Il presidente del Nicaragua, Daniel Ortega - Reuters
I frati carmelitani scalzi, dopo oltre cinquant’anni di servizio pastorale in Nicaragua, lasciano il Paese, costretti a tale gesto dalla situazione di persecuzione alla Chiesa che si vive nel Paese. «È un esilio», scrive sui social l’avvocata e ricercatrice Martha Patricia Molina, che documenta gli atti di ostilità verso la Chiesa cattolica e le altre Chiese cristiane da parte del regime di Ortega.
La partenza dell'ordine religioso è stata annunciata dalla Provincia di Nostra Signora di Guadalupe, che ha sede a San Salvador. I religiosi hanno consegnato all'arcidiocesi di Managua la parrocchia di Nostra Signora del Carmelo, e hanno ringraziato la comunità «per il cammino di fede che abbiamo percorso insieme». Presentiamo – hanno aggiunto – la «nostra preghiera di ringraziamento a Dio per il dono di aver fatto un cammino di fede con tanti parrocchiani, di aver celebrato la gioia della devozione mariana e l'approfondimento della fede eucaristica». Nel messaggio si ringrazia anche il cardinale Augusto Brenes, arcivescovo di Managua, per il suo accompagnamento.

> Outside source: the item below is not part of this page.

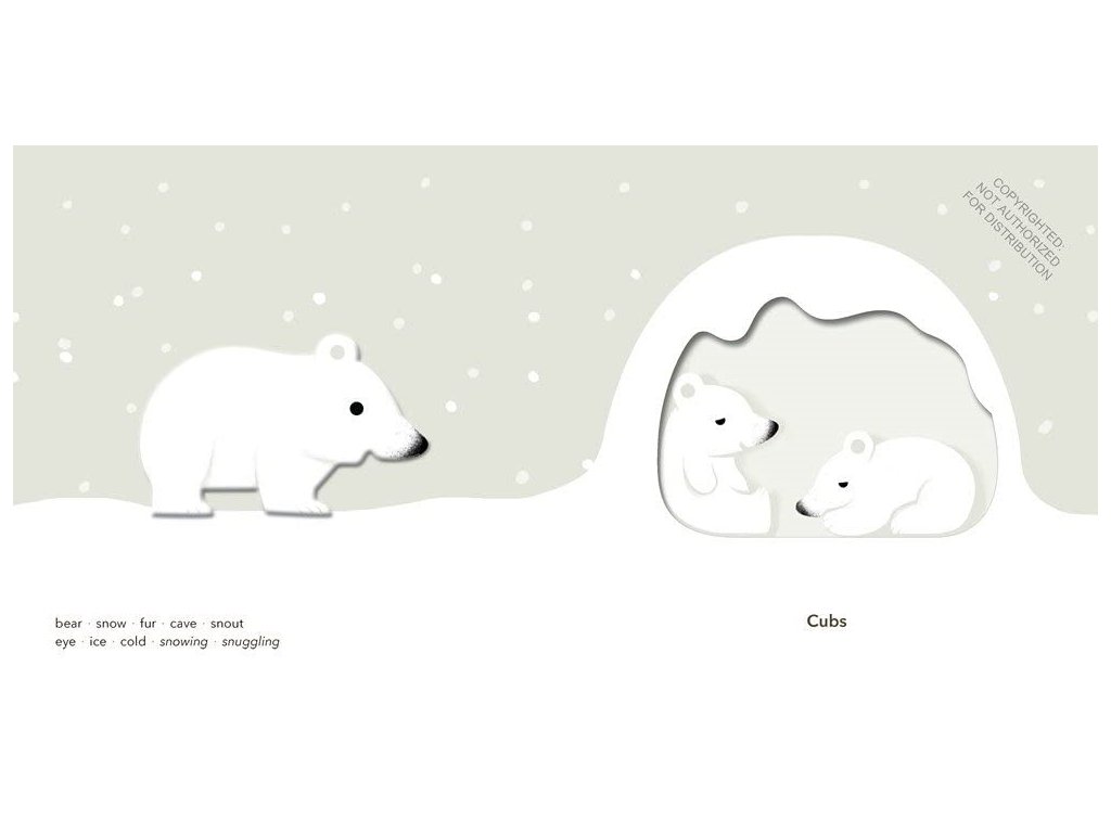 Interaktivní kniha ze série dotkni se a pociť kombinuje vysoce kvalitní textury na každé stránce s přitažlivým vysoce působivým uměním. Pro dobrý vývoj dětí je prokázáno, že děti se nejlépe učí, když získávají znalosti prostřednictvím více smyslů. Knížka podněcuje představivost nejmladších čtenářů a inspiruje, aby poznávali jejich svět. Objevte ledního medvěda na jedné straně a na druhé straně vykrojené doupě. Jednoduché slova na klasickém bílém pozadí tento vícerozměrný přístup pomáhá dětem rozumět pomocí zraku, sluchu a hmatu. Knížka je vhodnou pomůckou k procvičování angličtiny. Vyrobeno z papíru FSC a potištěno rostlinnými inkousty. Hlavní vlastnosti: pevná vazba vyrobeno z recyklovaných materiálů potištěno rostlinnými inkoustyv anglickém jazycevěk 2 - 4 roky

Si tratta solo dell’ultima mossa del regime dal 2018. Nella nazione restano ormai solo cinque vescovi. Un segno eloquente della persecuzione subita dalla Chiesa cattolica che, secondo il gruppo di esperti delle Nazioni Unite, rende il regime responsabile di crimini di lesa umanità. Questi ultimi hanno registrato almeno 73 detenzioni arbitrarie di cattolici o altre confessioni, basate in prove inconsistenti o falsificate. L’ultimo pastore a essere espulso, è stato il presidente della Conferenza episcopale Carlos Herrera (che ha seguito i confratelli Álvarez e Isidoro Mora e Silvio Báez, ausiliare della capitale, con almeno o una mezza dozzina di sacerdoti.